BeautifulSoup vs Selenium: Choosing the Right Python Scraping Tool

BeautifulSoup and Selenium are not competitors. They solve different problems, operate at different layers of the web stack, and excel in completely different scenarios. BeautifulSoup is an HTML parser – it takes a string of markup and gives you tools to search and navigate the document tree. Selenium is a browser automation framework – it launches a real browser, renders JavaScript, and lets you interact with pages the way a human would. The confusion between them is understandable because they both appear in web scraping tutorials, but choosing one over the other (or using them together) depends entirely on what the target page requires.

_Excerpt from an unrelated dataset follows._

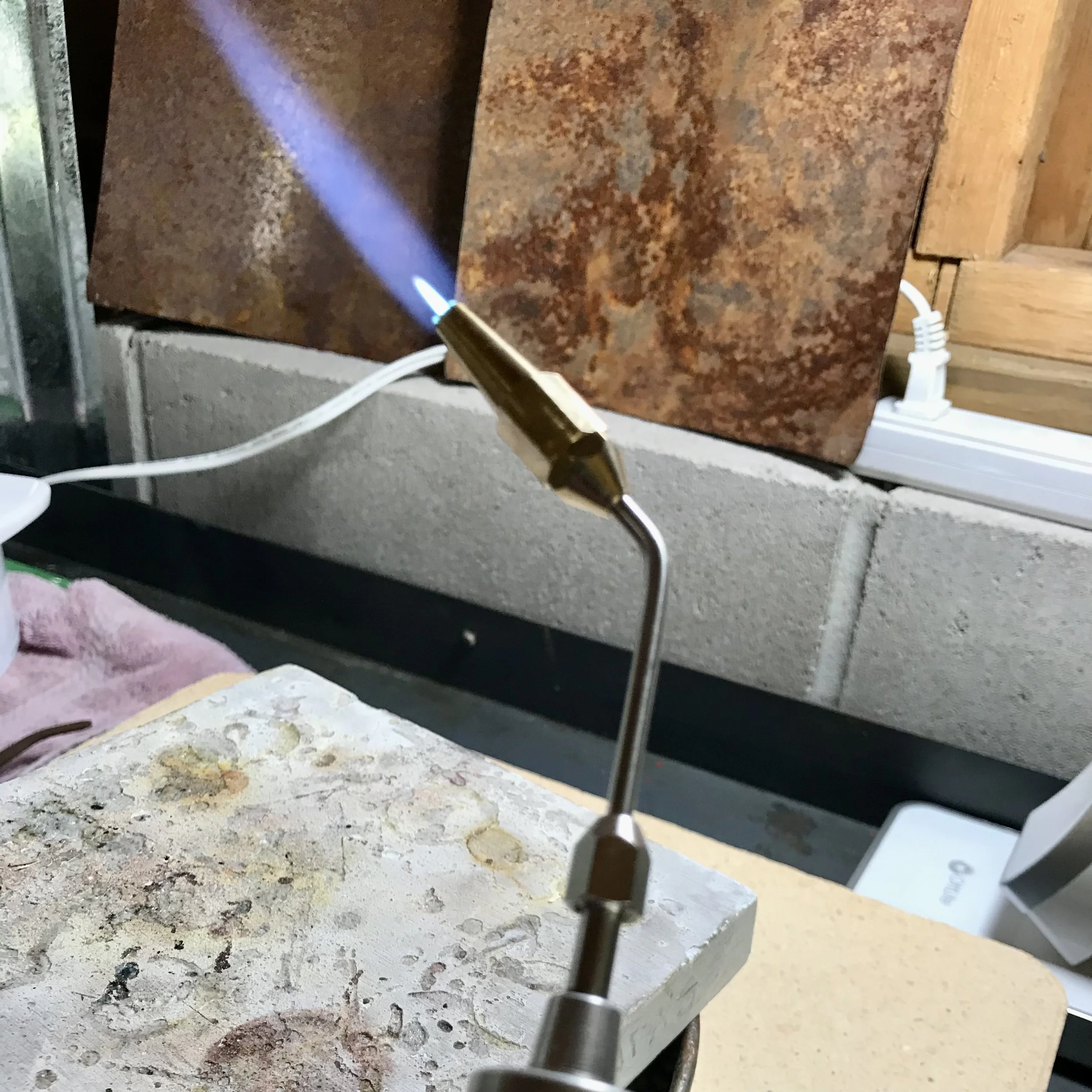 Image: A custom sterling silver brooch on the soldering bench commissioned by a collector.
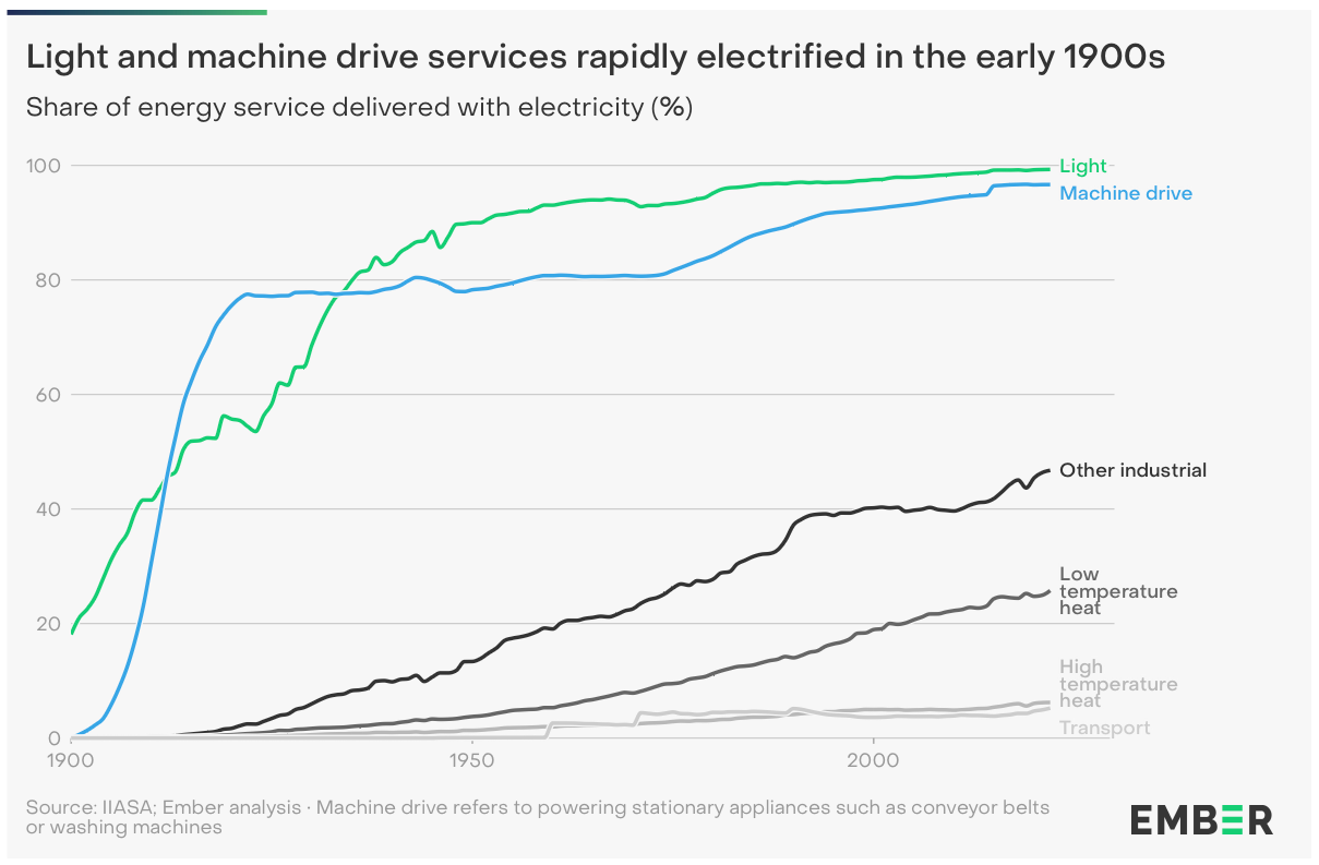 Though I often write about the positive implications of the transition from a fossil fuel-based to an electrically-powered future, I fundamentally view it in the same terms as Narayanan and Kapoor view AI (and on which I also agree). We are (still) in the middle of the "long march of electrification" that started in the 1900s and which is still filtering out over the whole of the global economy.

This post breaks down what each tool actually does, when to pick one over the other, and how to combine them when neither alone is enough.

What BeautifulSoup Actually Does

BeautifulSoup (BS4) is a Python library for parsing HTML and XML documents. It does not fetch web pages. It does not execute JavaScript. It does not render anything. You hand it a string of HTML, and it builds a parse tree that you can search, navigate, and manipulate.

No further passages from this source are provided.